** Goal of the exercise **
The response should consist of the data below, copied exactly, with no pictures in it.

** Stored data **
####################

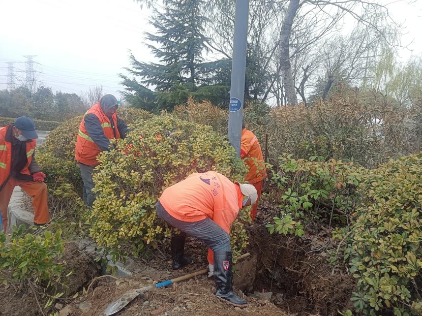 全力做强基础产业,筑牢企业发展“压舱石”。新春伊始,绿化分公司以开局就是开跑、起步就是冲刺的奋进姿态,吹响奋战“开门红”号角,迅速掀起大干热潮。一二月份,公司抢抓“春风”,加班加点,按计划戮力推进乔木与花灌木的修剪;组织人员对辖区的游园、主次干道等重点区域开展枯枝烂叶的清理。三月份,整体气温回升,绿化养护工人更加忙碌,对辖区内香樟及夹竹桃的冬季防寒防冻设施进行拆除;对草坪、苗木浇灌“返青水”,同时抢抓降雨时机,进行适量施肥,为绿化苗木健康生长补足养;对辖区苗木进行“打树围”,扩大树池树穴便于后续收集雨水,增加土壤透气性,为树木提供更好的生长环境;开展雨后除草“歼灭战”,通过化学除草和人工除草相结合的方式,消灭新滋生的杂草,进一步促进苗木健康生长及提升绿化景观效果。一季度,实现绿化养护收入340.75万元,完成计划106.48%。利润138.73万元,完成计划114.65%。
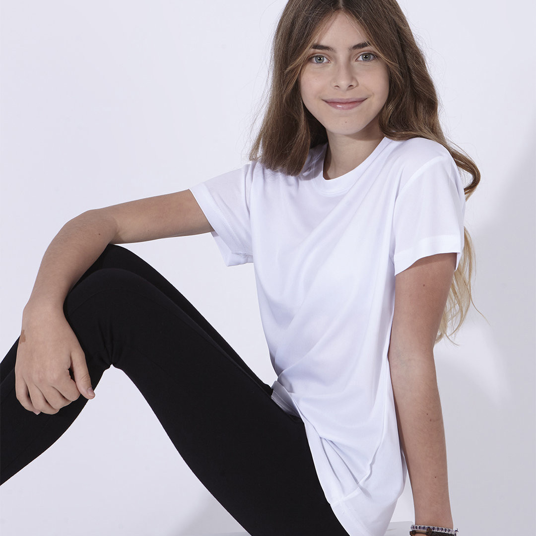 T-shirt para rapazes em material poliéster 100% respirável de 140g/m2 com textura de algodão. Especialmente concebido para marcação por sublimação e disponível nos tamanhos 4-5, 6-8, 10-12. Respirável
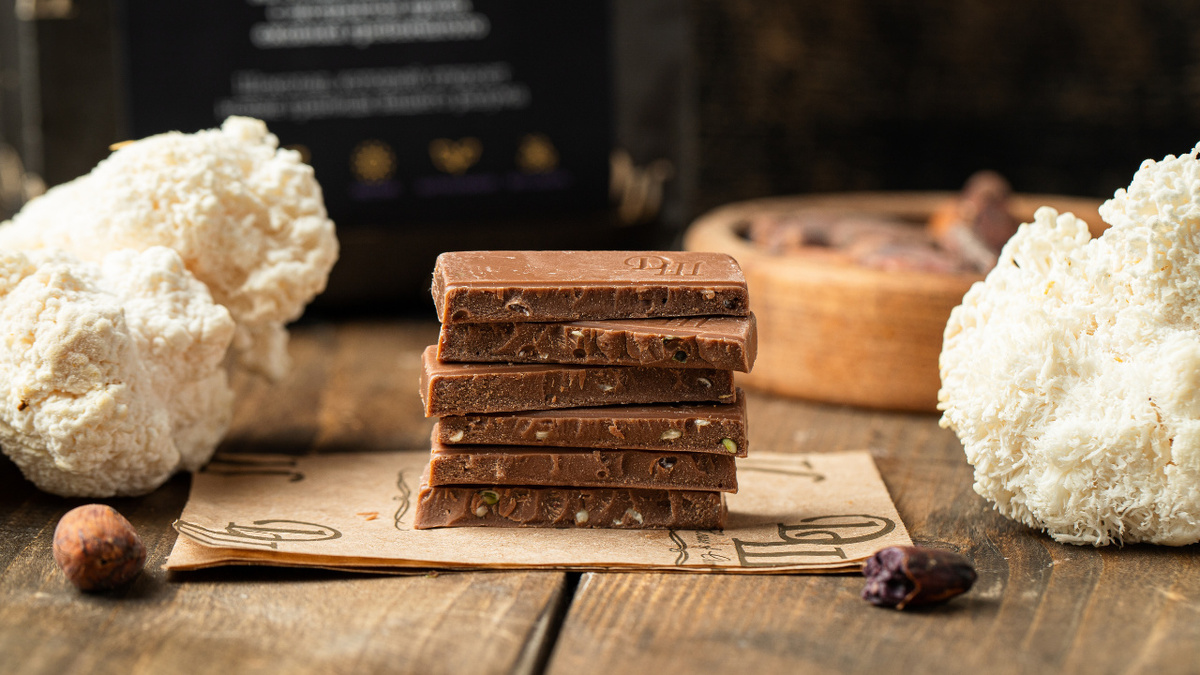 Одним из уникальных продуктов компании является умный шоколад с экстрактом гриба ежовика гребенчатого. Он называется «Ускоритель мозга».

####################

** Result for this exercise **
 全力做强基础产业,筑牢企业发展“压舱石”。新春伊始,绿化分公司以开局就是开跑、起步就是冲刺的奋进姿态,吹响奋战“开门红”号角,迅速掀起大干热潮。一二月份,公司抢抓“春风”,加班加点,按计划戮力推进乔木与花灌木的修剪;组织人员对辖区的游园、主次干道等重点区域开展枯枝烂叶的清理。三月份,整体气温回升,绿化养护工人更加忙碌,对辖区内香樟及夹竹桃的冬季防寒防冻设施进行拆除;对草坪、苗木浇灌“返青水”,同时抢抓降雨时机,进行适量施肥,为绿化苗木健康生长补足养;对辖区苗木进行“打树围”,扩大树池树穴便于后续收集雨水,增加土壤透气性,为树木提供更好的生长环境;开展雨后除草“歼灭战”,通过化学除草和人工除草相结合的方式,消灭新滋生的杂草,进一步促进苗木健康生长及提升绿化景观效果。一季度,实现绿化养护收入340.75万元,完成计划106.48%。利润138.73万元,完成计划114.65%。
 T-shirt para rapazes em material poliéster 100% respirável de 140g/m2 com textura de algodão. Especialmente concebido para marcação por sublimação e disponível nos tamanhos 4-5, 6-8, 10-12. Respirável
 Одним из уникальных продуктов компании является умный шоколад с экстрактом гриба ежовика гребенчатого. Он называется «Ускоритель мозга».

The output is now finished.